The pictures stay out. Please retype every line below exactly.
(DATASET SECTION begins)
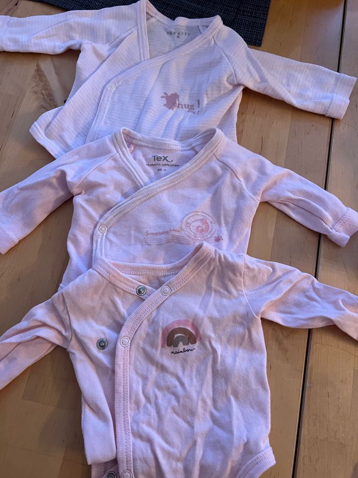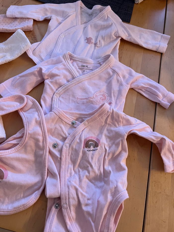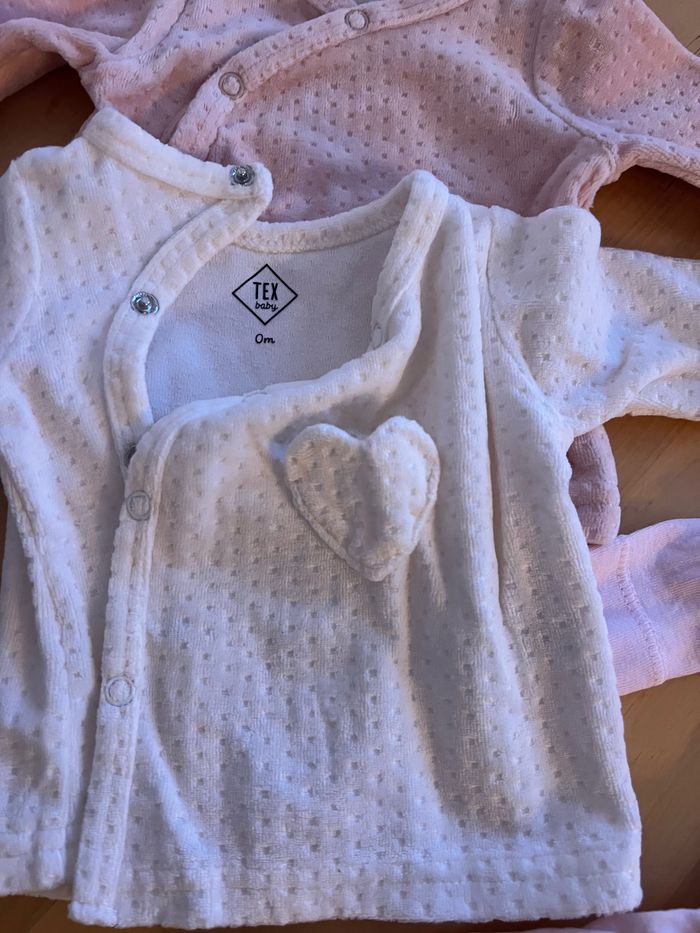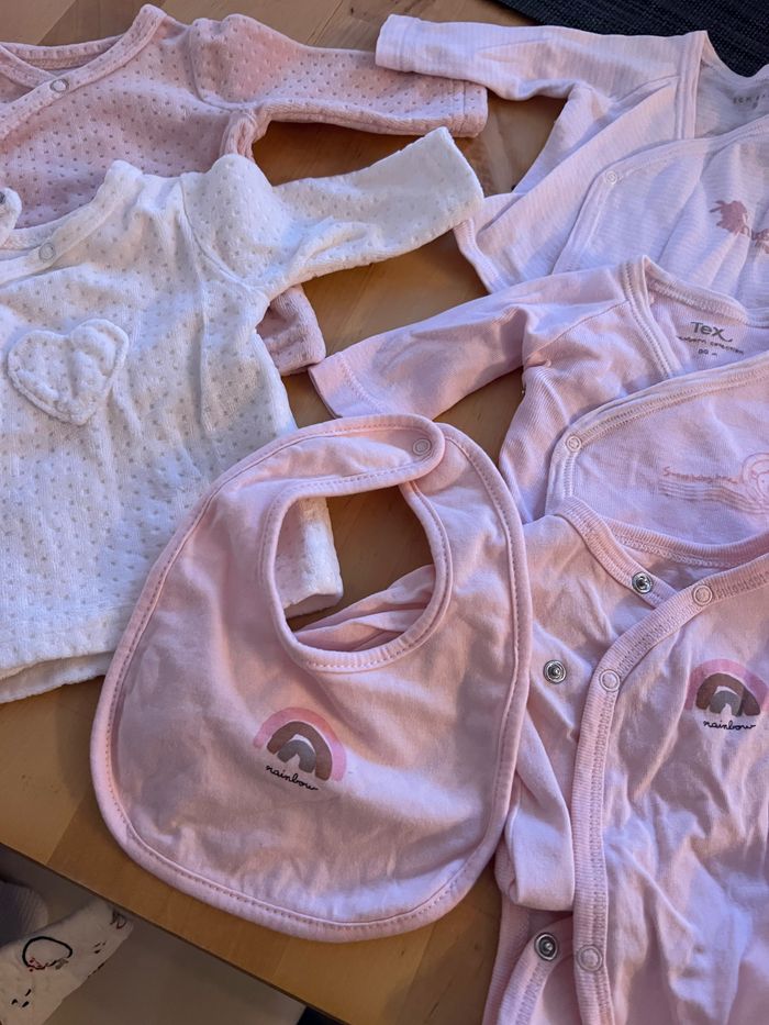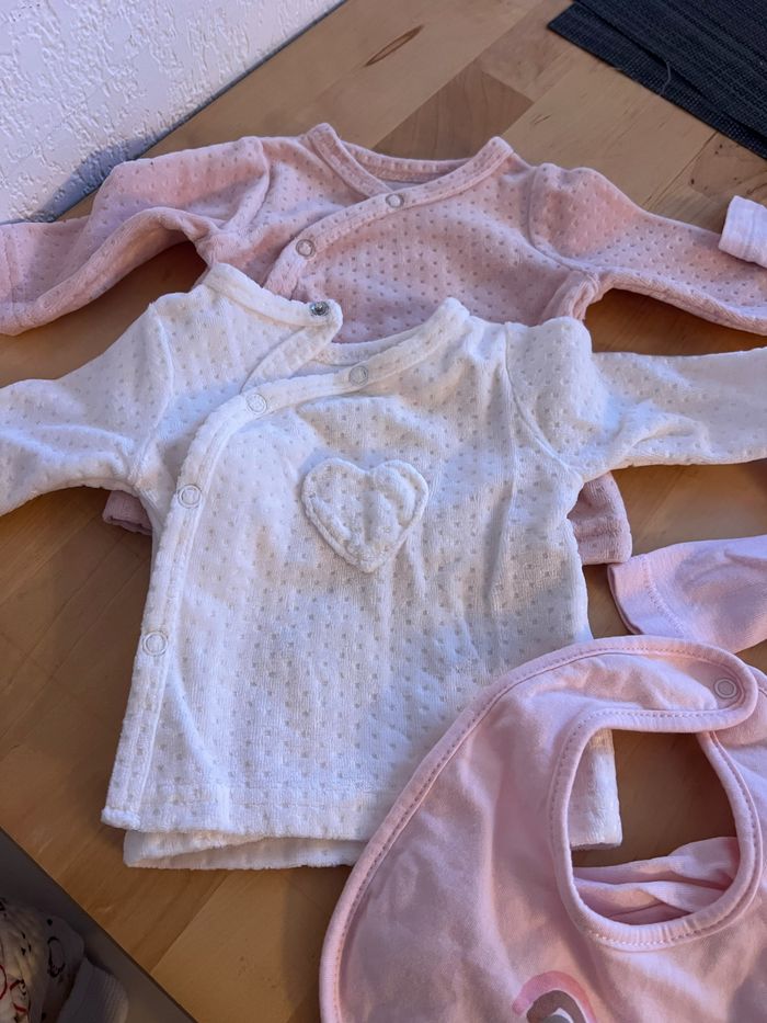 Je vends un lot naissance avec un petit bavoir, deux brassières rose et beige avec un cœur et pressions devant toutes douces ainsi que 3 bodies Les brassières sont neuves
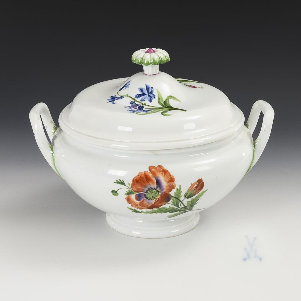 Biedermeier-Terrine mit Blumenmalerei. Meissen.
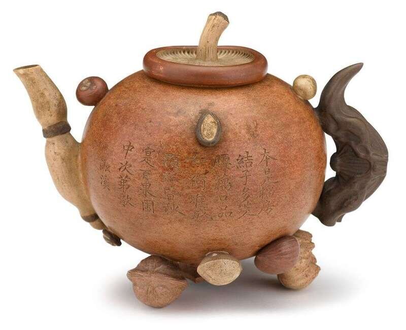 Shaped as a pomegranate, with fungus, nuts, mushroom and lotus root as handle, cover and spout, incised with poem in praise for the abundance of food, signed Song Xi with a Chun Ping mark near base.
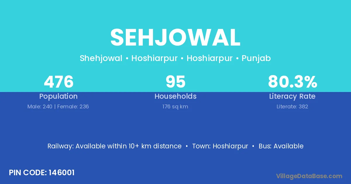 Sehjowal village has a total population of 1,843 people, of which 952 are males and 891 are females.
(DATASET SECTION ends)
## ANSWER
 Je vends un lot naissance avec un petit bavoir, deux brassières rose et beige avec un cœur et pressions devant toutes douces ainsi que 3 bodies Les brassières sont neuves
 Biedermeier-Terrine mit Blumenmalerei. Meissen.
 Shaped as a pomegranate, with fungus, nuts, mushroom and lotus root as handle, cover and spout, incised with poem in praise for the abundance of food, signed Song Xi with a Chun Ping mark near base.
 Sehjowal village has a total population of 1,843 people, of which 952 are males and 891 are females.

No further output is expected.